Refugees from African countries such as Burundi and Democratic Republic of Congo at refugee centres in Musina in Limpopo say the COVID-19 lockdown makes it difficult to celebrate Africa Day properly.

There are three centres in Musina hosting refugees who were caught up in the national lockdown at the end of March.

Two of the shelters house men only and are situated at the Nancefield township. Women are accommodated at the local showground. Lack of social distancing and resources such as masks is a challenge.

Some of the refugees are happy that Africa is free, while others are optimistic that African countries will conquer the coronavirus pandemic.

“In some ways, we are not free because you can see that some of us, Africans, we are trying to discriminate against others. So, as Africans we need to join together, to be together, to make our Africa develop together. We can fight against coronavirus because these deceases didn’t start here in Africa. It started from outside, but there are some countries for those, who are following the news, have somehow won this disease. So even us, Africans, if we join together and fight this together and do what are our professional doctors are telling us we can win this disease,” says one refugee.

“We are still a long way to unity and now we treat our fellow brothers with hate and discrimination and I am sure that if come together as the whole Africa we can fight against killing our own bothers and fight against this coronavirus,” says another refugee.

Elvis Boyanda from Burundi says African governments should open the economies and relax lockdown regulations for people to have free movement.

Spokesperson of the Musina Municipality, Wilson Dzebu says they are proud to be hosting refugees from fellow African countries. He says the refugees are given services such as food, water and sanitation.

Dzebu says the border town of Musina, which is less than 20 kilometres from the Beitbridge Border Post with Zimbabwe, has a high number of foreign nationals.

He says some are in transit, while others work and stay there.

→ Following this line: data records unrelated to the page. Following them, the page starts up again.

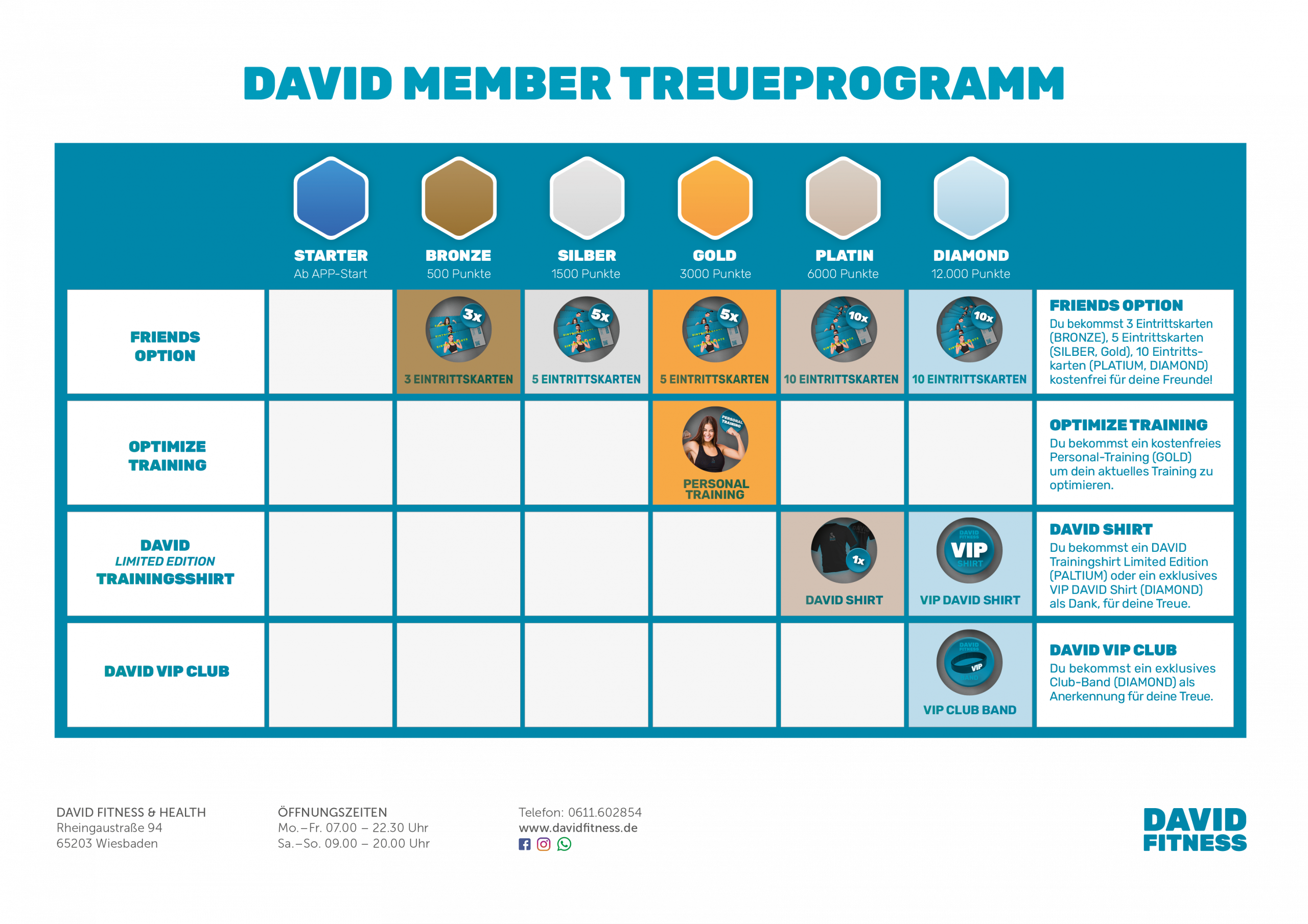 Du bekommst automatisch einmalig 20 Punkte gutgeschrieben, wenn du am DAVID MEMBER-CLUB teilnimmst.
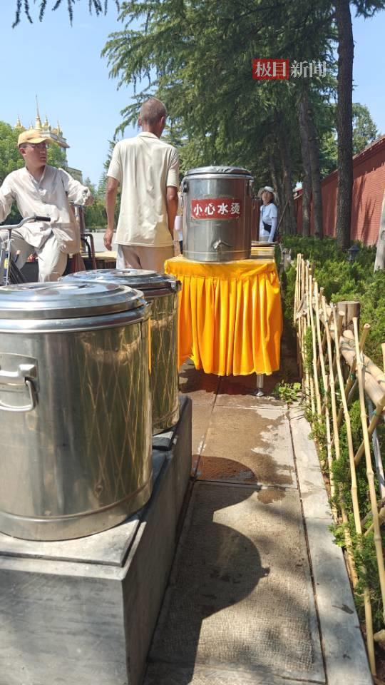 寺院内,一直有一辆满载饮水桶的三轮车穿梭其中,义工们将饮完的水桶装满冰水再放回原处。据工作人员介绍,一天下来,他们要供应60多桶水,其中有冰水,也有温水。有些供应点刚换不久就喝完了。
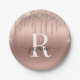 Girly Blush Rose Gold Glitzer Drilling Monogram Pappteller

“We have citizens from various countries. We have citizens from DRC; we have citizens from Zambia; Zimbabwe and a variety of countries, you will recall that Musina was established in 1904, it means our mining town is about 1916 years old and for the rest of those years, there was never any incident of xenophobic attack. This means, as a municipality, we are very proud because we are able to host various people around here in Musina. When we move around here in Musina, you will realise that we have various shelters where we house nationalities from various countries. This simply means that we are very good at hosting these people although we are under lockdown and under the threat of coronavirus. We are very happy that we are celebrating this day as proud people of Musina,” says Dzebu.

Meanwhile, MEC for Social Development Nkakareng Rakgoale has called on volunteers to donate food and masks through her department to assist the refugees.

“We want to say to our people, especially those who have been bringing donations here, we really appreciate it because this was to show the spirit of ubuntu. They are taken care of. At least this time, they have three meals a day and a place to sleep and we have provided blankets to all the shelters,” says Rakgoale.

Africans throughout the world celebrate Africa Day to mark the foundation of the African Union, formerly Organisation of African Unity, 57 years ago.